Cheng Erkang, Chen Jinwu, Yang Jie, Deng Huiyang, Wu Yi, Megalooikonomou Vasileios, Gable Bryce, Ling Haibin
Center for Data Analytics & Biomedical Informatics, Computer & Information Science Department, Temple University, Philadelphia, PA 19122, USA.
Annu Int Conf IEEE Eng Med Biol Soc. 2011;2011:6204-7. doi: 10.1109/IEMBS.2011.6091532.

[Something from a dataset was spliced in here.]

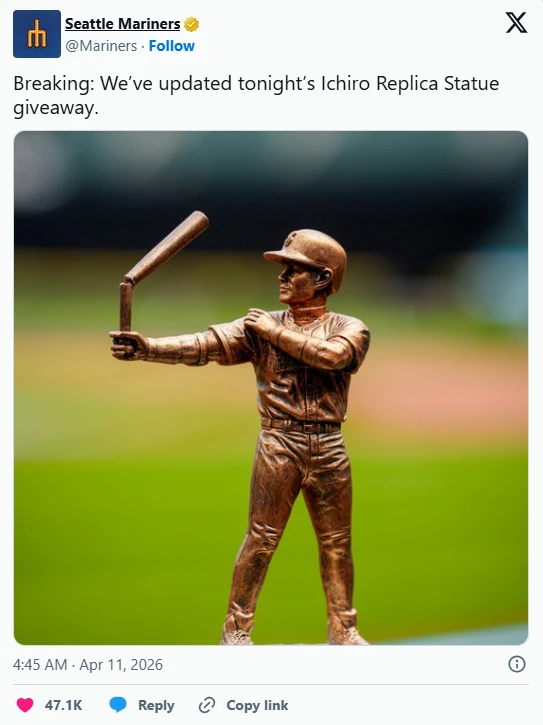 매리너스는 여기서 그치지 않고 공식 사회관계망서비스(SNS)를 통해 이날 진행된 '이치로 레플리카 동상 증정 이벤트' 문구까지 재치 있게 바꾸며 이번 해프닝을 스스로 유쾌하게 받아들이는 모습을 보였다. 당황스러운 장면을 숨기기보다 구단 차원에서 먼저 웃어넘기며 팬들과 공유했다는 점에서, 오히려 이번 사건이 더 크게 회자되는 계기가 됐다는 분석이다.

Orthodontic craniometric landmarks provide critical information in oral and maxillofacial imaging diagnosis and treatment planning. The Dent-landmark, defined as the odontoid process of the epistropheus, is one of the key landmarks to construct the midsagittal reference plane. In this paper, we propose a learning-based approach to automatically detect the Dent-landmark in the 3D cone-beam computed tomography (CBCT) dental data. Specifically, a detector is learned using the random forest with sampled context features. Furthermore, we use spacial prior to build a constrained search space other than use the full three dimensional space. The proposed method has been evaluated on a dataset containing 73 CBCT dental volumes and yields promising results.
正畸颅骨测量标志点在口腔颌面影像诊断和治疗计划中提供关键信息。齿突标志点,定义为枢椎的齿突,是构建矢状面参考平面的关键标志点之一。在本文中,我们提出一种基于学习的方法,用于在三维锥形束计算机断层扫描(CBCT)牙科数据中自动检测齿突标志点。具体而言,使用带有采样上下文特征的随机森林来学习一个检测器。此外,我们使用空间先验来构建一个受限搜索空间,而不是使用完整的三维空间。所提出的方法已在包含73个CBCT牙科容积的数据集上进行了评估,并取得了有希望的结果。